▶ _The input_
• • • • • • •

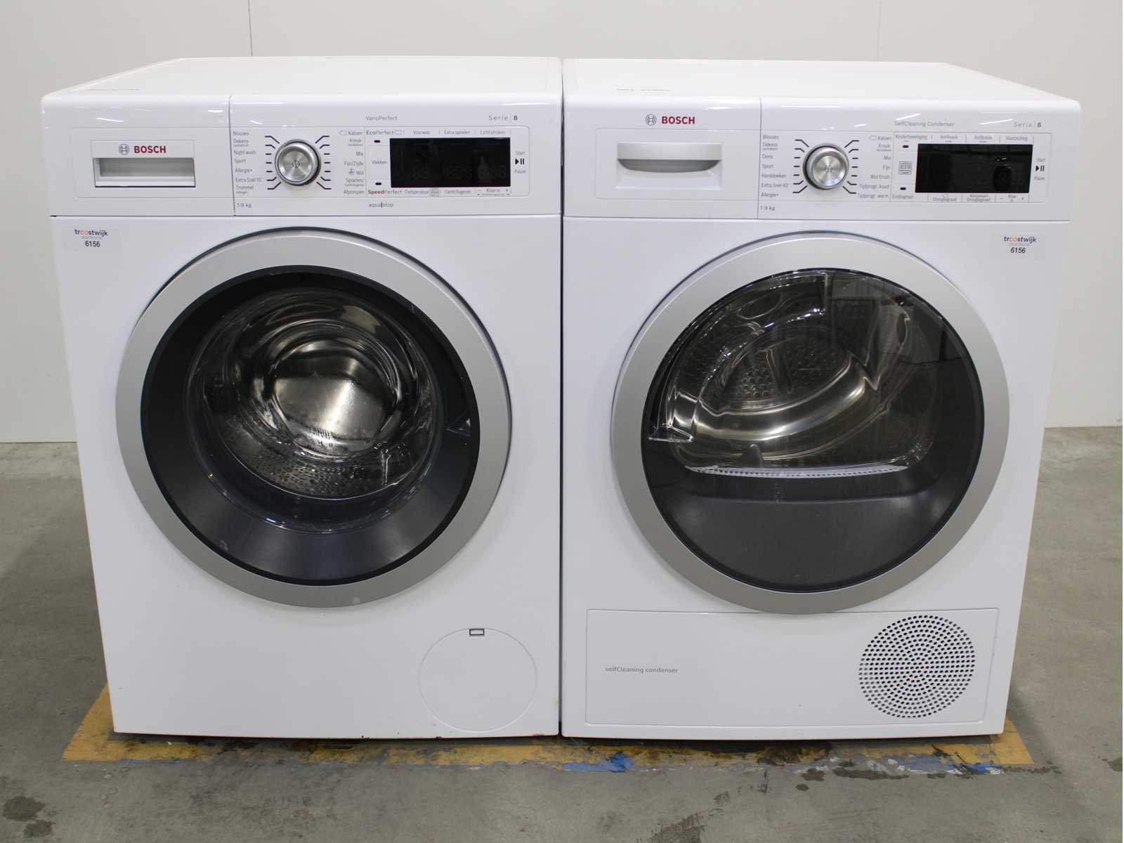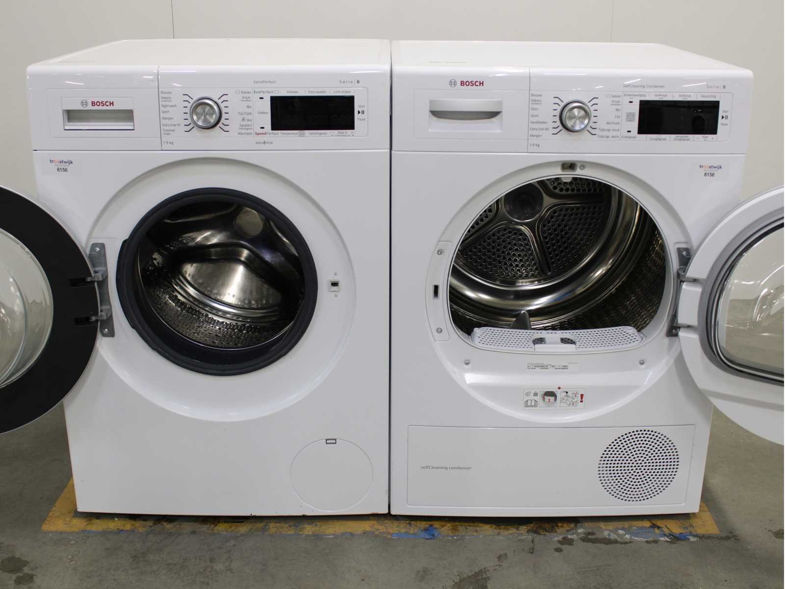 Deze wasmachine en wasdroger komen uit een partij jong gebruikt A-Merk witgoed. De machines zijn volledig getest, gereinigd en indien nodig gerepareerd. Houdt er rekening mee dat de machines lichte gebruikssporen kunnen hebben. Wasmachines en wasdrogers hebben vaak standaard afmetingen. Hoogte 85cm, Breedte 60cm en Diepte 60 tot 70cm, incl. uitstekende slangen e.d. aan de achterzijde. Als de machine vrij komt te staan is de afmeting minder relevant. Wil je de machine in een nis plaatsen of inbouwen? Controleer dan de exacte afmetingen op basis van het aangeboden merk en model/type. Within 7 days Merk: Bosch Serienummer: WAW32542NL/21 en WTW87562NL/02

• • • • • • •

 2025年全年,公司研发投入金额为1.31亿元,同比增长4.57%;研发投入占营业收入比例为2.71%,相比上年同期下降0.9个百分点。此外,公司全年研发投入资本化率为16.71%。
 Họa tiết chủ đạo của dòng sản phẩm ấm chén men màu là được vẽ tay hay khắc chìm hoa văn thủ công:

• • • • • • •

Give an exact copy of the lines above from the line with "2025年全年,公司研发投入" up to and including the line with "Họa tiết chủ", and leave everything else out.

▶ _Result_
 2025年全年,公司研发投入金额为1.31亿元,同比增长4.57%;研发投入占营业收入比例为2.71%,相比上年同期下降0.9个百分点。此外,公司全年研发投入资本化率为16.71%。
 Họa tiết chủ đạo của dòng sản phẩm ấm chén men màu là được vẽ tay hay khắc chìm hoa văn thủ công:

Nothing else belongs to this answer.